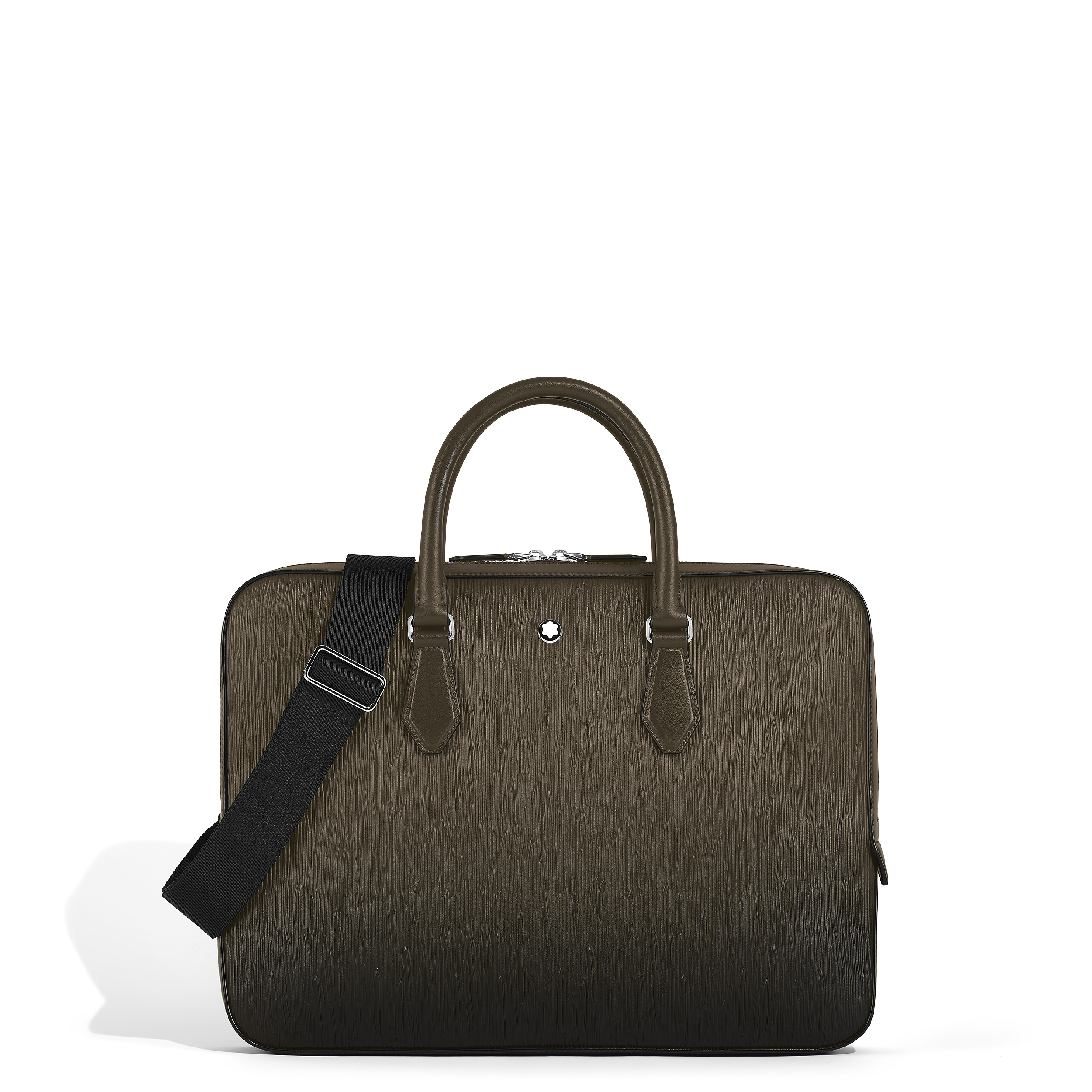 This elegant and spacious thin document case celebrates Montblanc’s writing heritage with its envelope-inspired design. Crafted from khaki Corteccia leather, the bark-inspired motif is achieved through hot stamping, while a hand-applied sfumato effect creates shading for a refined, natural finish. Perfect for business essentials, it accommodates electronic devices and A4 documents, while the interior features two open pockets and two loops for writing instruments, combining practicality with timeless style. Ident No. MB220269 Material Material Leather Leather Combination of lull-grain bovine leather plain and printed with bark tree motif Colour khaki Lining Fabric Closing System Metal zipper Dimensions Width 50 mm Length 400 mm Height 290 mm Physical Weight 1100 g
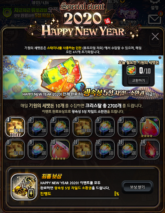 ±ÝÀϺÎÅÍ ¿À´Â 2¿ù 13ÀϱîÁö ¡®±â¿øÀÇ ¼¼¹îµ·¡¯À» ¸ð¾Æ dz¼ºÇÑ ÇýÅÃÀ» ¹Þ¾Æ°¥ ¼ö ÀÖ´Â ¡®HAPPY NEW YEAR 2020!¡¯ À̺¥Æ®°¡ ÁøÇàµÈ´Ù. ¡®±â¿øÀÇ ¼¼¹îµ·¡¯Àº Æ©Å丮¾óÀ» Á¦¿ÜÇÑ ½ºÅ¹̳ʸ¦ »ç¿ëÇÏ´Â ´øÀü¿¡¼ ȹµæ °¡´ÉÇϸç, ¸ÅÀÏ 10°³¸¦ ¸ð¾Æ ÄÝ·ºÆ®¸¦ ¿Ï¼ºÇØ Å©¸®½ºÅ» 2,700°³¿Í ºí·¯µåÁª, °ñµå µîÀ» ¾òÀ» ¼ö ÀÖ´Ù. ÃÖÁ¾ º¸»óÀ¸·Î´Â ±¤¼Ó¼º 5¼º Â÷ÀÏµå ¼Òȯ±ÇÀÌ ÁÖ¾îÁø´Ù.
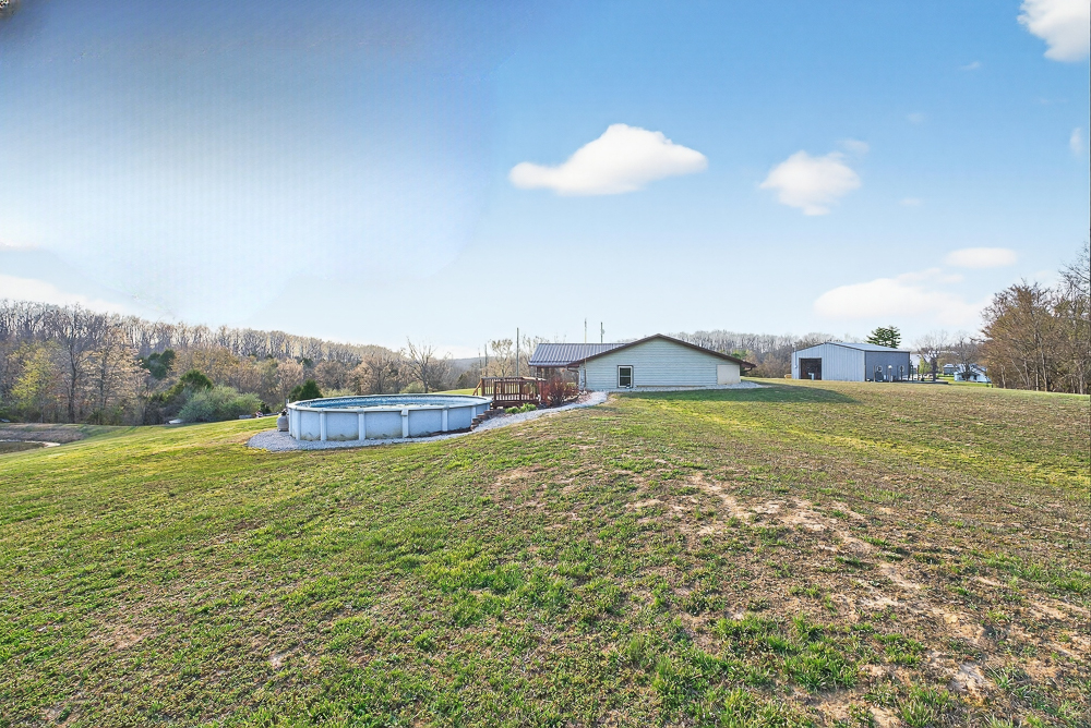 This 35 +/- acre rustic farmstead is a fantastic blend of functional infrastructure and natural beauty in Whitewater, Missouri. Surrounded by working farms, wide-open skies, and local Missouri Conservation Department destinations for fishing and exploring the outdoors, this property offers a peaceful, self-sustaining lifestyle with a private well and premier amenities already in place. The 1,693 square foot earth contact residence is both comfortable and energy efficient. While nestled along a blacktop county road, this home is spacious with a well-insulated floor plan designed for year-round comfort and low utility costs. This 3 bedroom, 2 bathroom home offers both a formal dining room, living room, and a separate family room. Designed for connection, the kitchen features a breakfast bar that opens directly into the family room, creating an inviting space for casual dining or hosting. Take in spectacular Missouri sunsets from the porch overlooking the back field & stocked pond, or enjoy the above-ground pool and deck during the summer months.This farm is a haven for outdoor enthusiasts & nature lovers. Its diverse landscape includes pastures ready for grazing or hay production, along with two stands of prospective timber creating a prime habitat with plentiful game and wildlife frequently seen across the acreage. The property is uniquely equipped with two water sources, a smaller pond located by the post and beam barn, and a second, well-established, stocked pond complete with a pavilion—the ultimate centerpiece for fishing and quiet afternoons by the water. Take advantage of the trail system on the perimeter and interior of this property to traverse all its offerings.
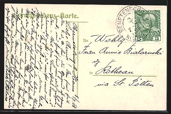 alte Ansichtskarte, gelaufen 1908, Stempelspur, guter Zustand
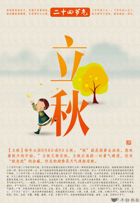 今天是立秋,意味著夏季的結束,秋季的開始,氣溫逐漸下降,雨水逐漸減少。我國幅員遼闊,就節氣而言不可能同時進入涼爽的秋季的,是有一些差別的。生活在廊坊這個地方,四季分明的氣候,是老天恩賜的福分。不冷不熱的天,氣候宜人,真正是秋高氣爽。我國古代將秋季劃分為三候:一候涼風至,二候白露生,三候寒蟬鳴。是說立秋后刮風人們會感到涼爽,大地早晨會有霧氣產生,并且秋天感陰而鳴的寒蟬也開始鳴叫。民間流行“貼秋膘”,就是在立秋這天吃些美味佳肴,老百姓家就是燉肉、包餃子。
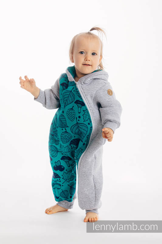 A bear romper from LennyLamb is a lovely transitional hooded jumpsuit. Its special cut – loose on the hips of an infant makes putting the kid in a wrap easier. It is made of a high-quality soft and warm soft knitted fabric. Colorful and patterned finishes are made of a wrap fabric make the clothes look more cheerful. Each kid will go for a walk with a smile.
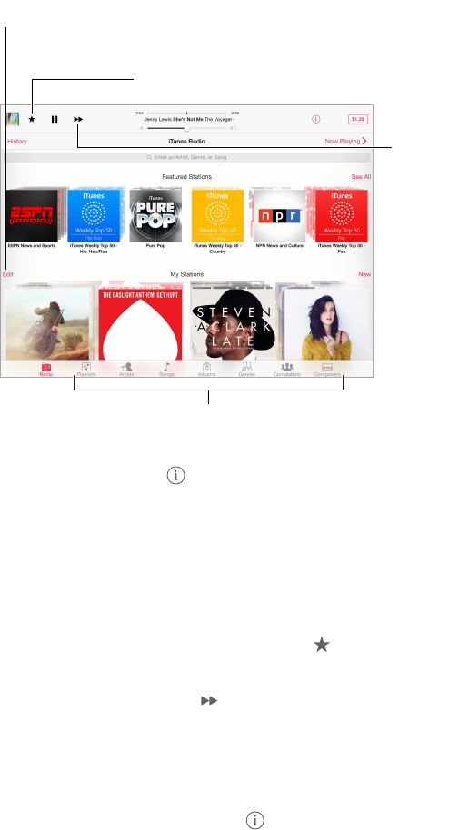 Note: iTunes Radio may not be available in all areas. For more information about iTunes Radio,
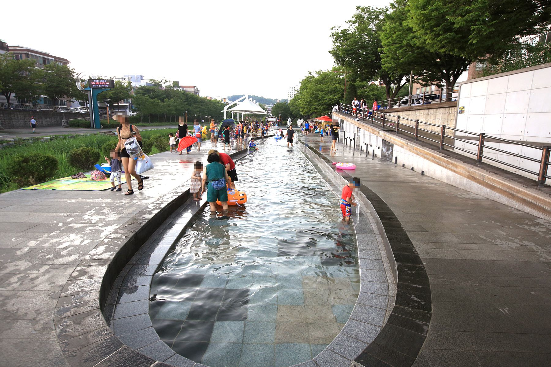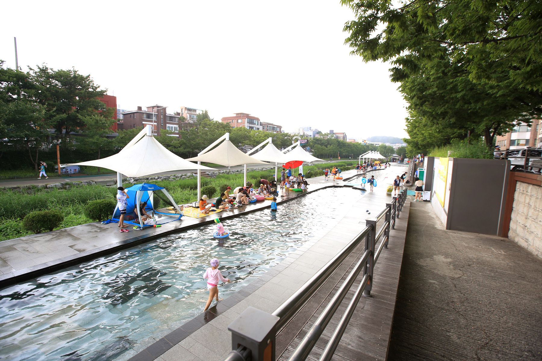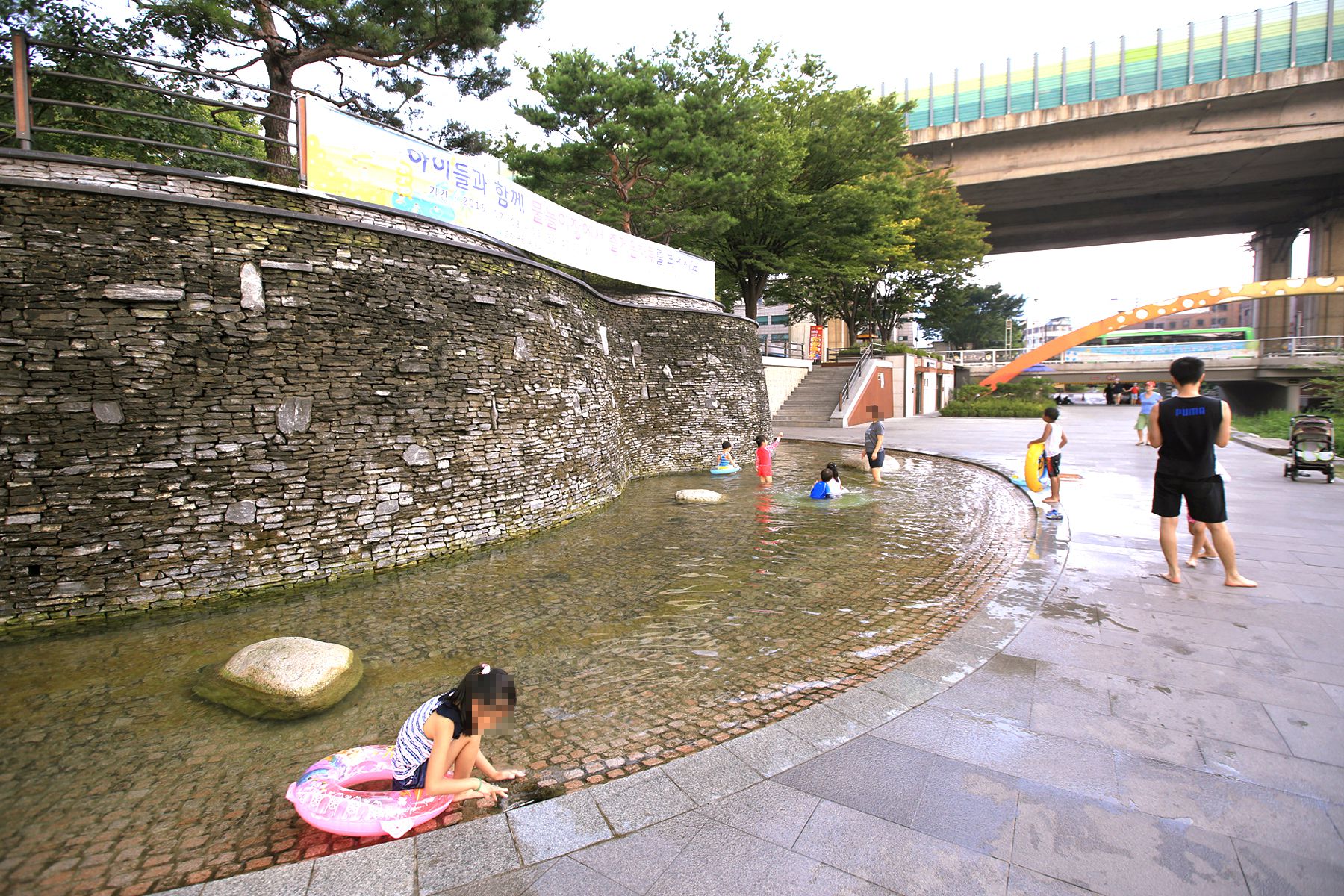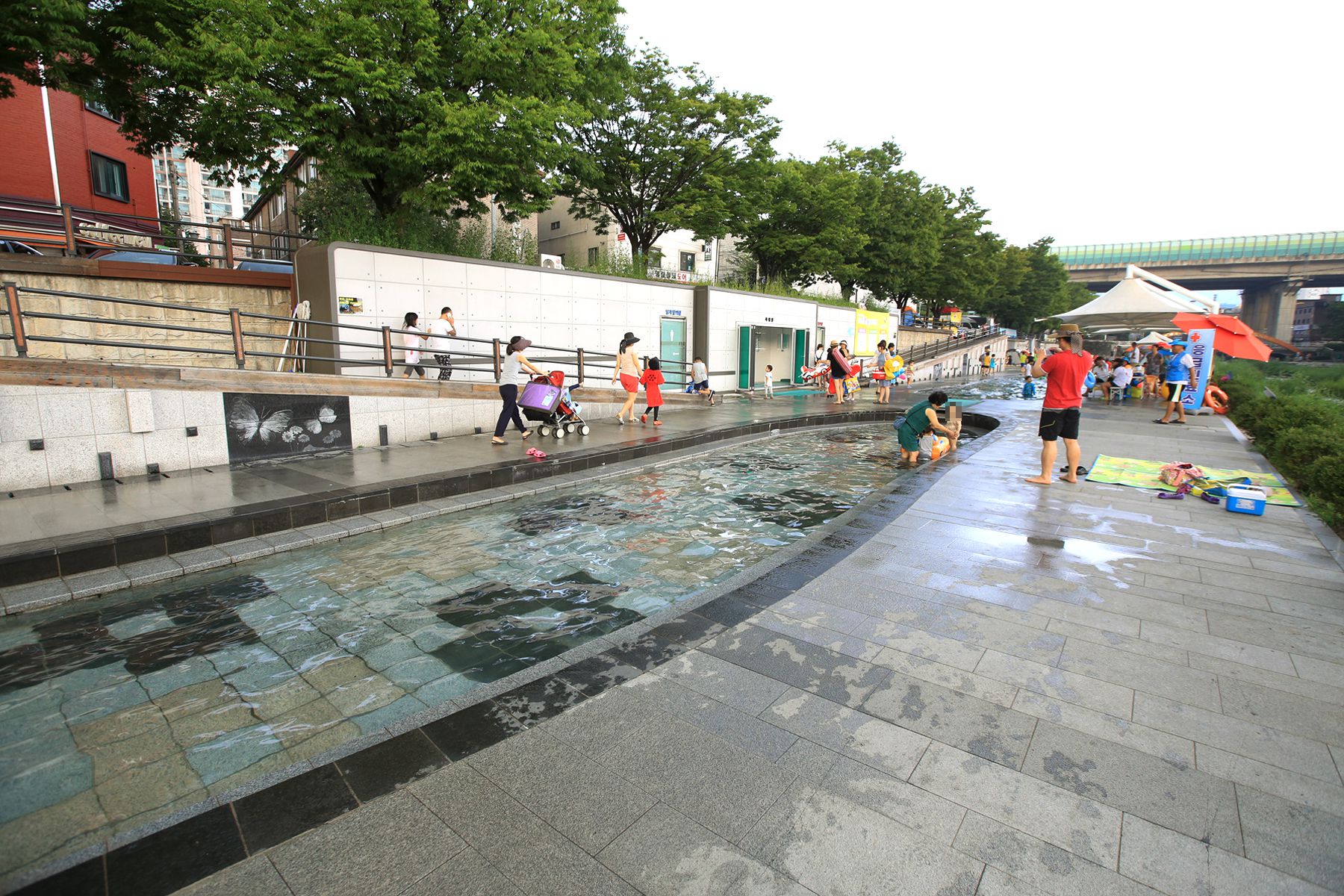대한민국 아름다운 하천 100선에 선정된 성내천 옆으로 조성된 물놀이장에서

• [WHAT YOU WILL DO]:
Word for word, output the lines from the beginning of the listing through the line holding "Â÷ÀÏµå ¼Òȯ±ÇÀÌ ÁÖ¾îÁø´Ù." and nothing beyond them. Omit the pictures.

• [ANSWER BELOW]:
 This elegant and spacious thin document case celebrates Montblanc’s writing heritage with its envelope-inspired design. Crafted from khaki Corteccia leather, the bark-inspired motif is achieved through hot stamping, while a hand-applied sfumato effect creates shading for a refined, natural finish. Perfect for business essentials, it accommodates electronic devices and A4 documents, while the interior features two open pockets and two loops for writing instruments, combining practicality with timeless style. Ident No. MB220269 Material Material Leather Leather Combination of lull-grain bovine leather plain and printed with bark tree motif Colour khaki Lining Fabric Closing System Metal zipper Dimensions Width 50 mm Length 400 mm Height 290 mm Physical Weight 1100 g
 ±ÝÀϺÎÅÍ ¿À´Â 2¿ù 13ÀϱîÁö ¡®±â¿øÀÇ ¼¼¹îµ·¡¯À» ¸ð¾Æ dz¼ºÇÑ ÇýÅÃÀ» ¹Þ¾Æ°¥ ¼ö ÀÖ´Â ¡®HAPPY NEW YEAR 2020!¡¯ À̺¥Æ®°¡ ÁøÇàµÈ´Ù. ¡®±â¿øÀÇ ¼¼¹îµ·¡¯Àº Æ©Å丮¾óÀ» Á¦¿ÜÇÑ ½ºÅ¹̳ʸ¦ »ç¿ëÇÏ´Â ´øÀü¿¡¼ ȹµæ °¡´ÉÇϸç, ¸ÅÀÏ 10°³¸¦ ¸ð¾Æ ÄÝ·ºÆ®¸¦ ¿Ï¼ºÇØ Å©¸®½ºÅ» 2,700°³¿Í ºí·¯µåÁª, °ñµå µîÀ» ¾òÀ» ¼ö ÀÖ´Ù. ÃÖÁ¾ º¸»óÀ¸·Î´Â ±¤¼Ó¼º 5¼º Â÷ÀÏµå ¼Òȯ±ÇÀÌ ÁÖ¾îÁø´Ù.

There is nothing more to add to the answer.